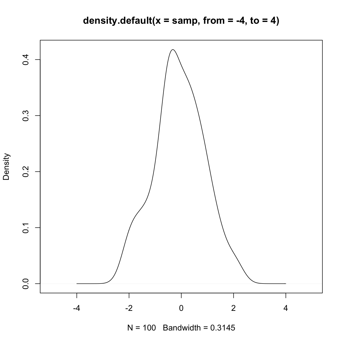 plot(density(x = samp, from = -4, to = 4), xlim = c(-5, 5))
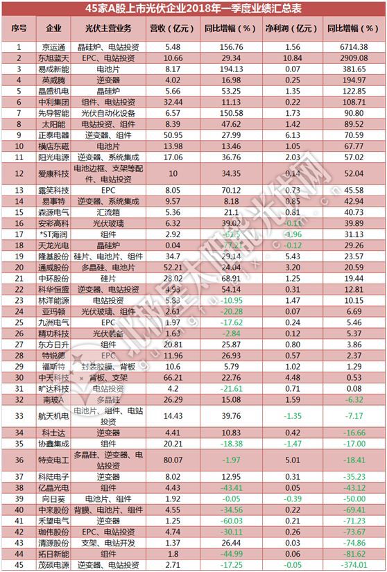 一季度45家光伏企業(yè)業(yè)績榜單登場:超八成飄紅,兩級分化現(xiàn)象嚴(yán)重
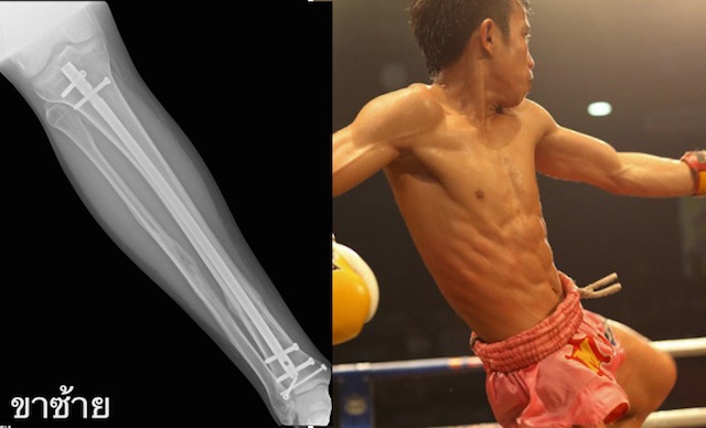 Это как раз то, что вы могли бы видеть в каком-нибудь боевике. Злодей с титановой ногой. Согласно имеющейся информации, Всемирный Совет Муай Тай (WMC) дисквалифицировал бойца за то, что он несанкционированно вышел на поединок имея в ноге титановый имплант.
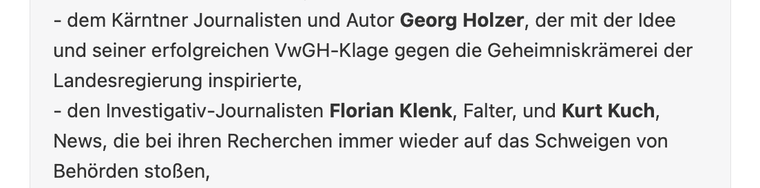 Der Amtsgeheimnis-Award „Mauer des Schweigens“, den wir auch seit einigen Jahren jährlich vergeben, wird breit wahrgenommen – wobei ich mich bei manchen Anfragen, bei besonders abenteuerlichen Begründungen, schon frage, ob sich die Behörde durch den Award inspirieren hat lassen.
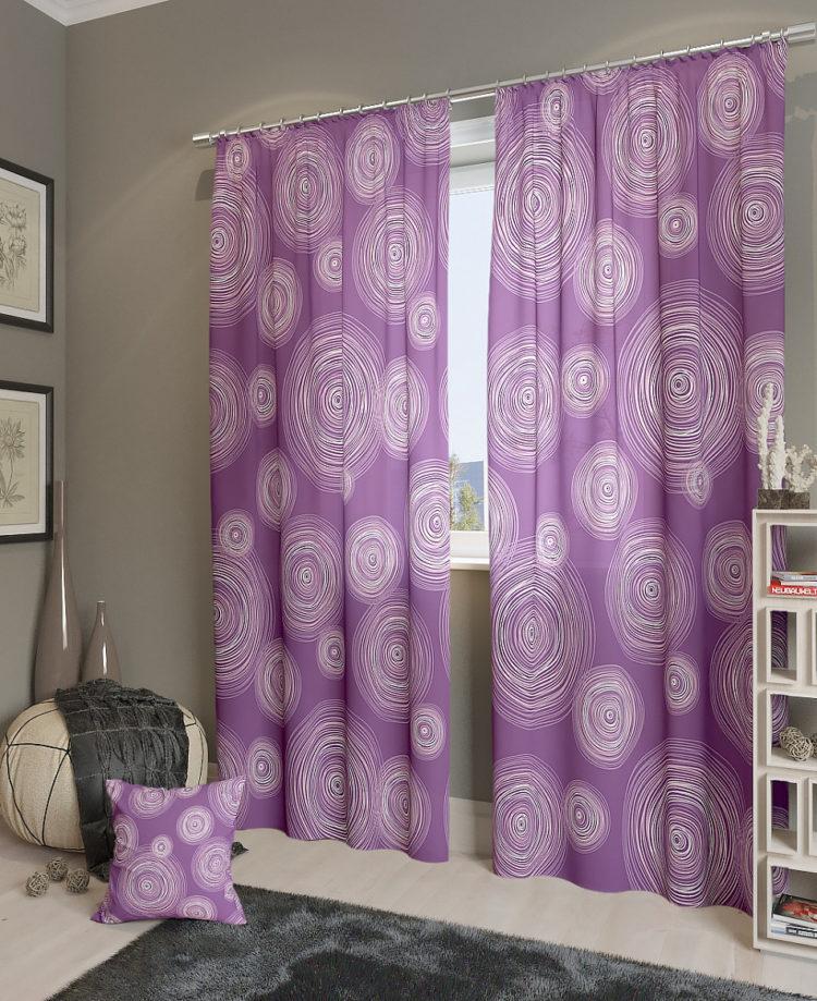 - Fondos de pantalla grises y cortinas púrpuras en el interior de la sala de estar (ejemplos de fotos)

**YOUR INSTRUCTIONS**.
An exact, word-for-word version of the material is required, free of pictures.

**REPLY TO THE TASK**.
 plot(density(x = samp, from = -4, to = 4), xlim = c(-5, 5))
 一季度45家光伏企業(yè)業(yè)績榜單登場:超八成飄紅,兩級分化現(xiàn)象嚴(yán)重
 Это как раз то, что вы могли бы видеть в каком-нибудь боевике. Злодей с титановой ногой. Согласно имеющейся информации, Всемирный Совет Муай Тай (WMC) дисквалифицировал бойца за то, что он несанкционированно вышел на поединок имея в ноге титановый имплант.
 Der Amtsgeheimnis-Award „Mauer des Schweigens“, den wir auch seit einigen Jahren jährlich vergeben, wird breit wahrgenommen – wobei ich mich bei manchen Anfragen, bei besonders abenteuerlichen Begründungen, schon frage, ob sich die Behörde durch den Award inspirieren hat lassen.
 - Fondos de pantalla grises y cortinas púrpuras en el interior de la sala de estar (ejemplos de fotos)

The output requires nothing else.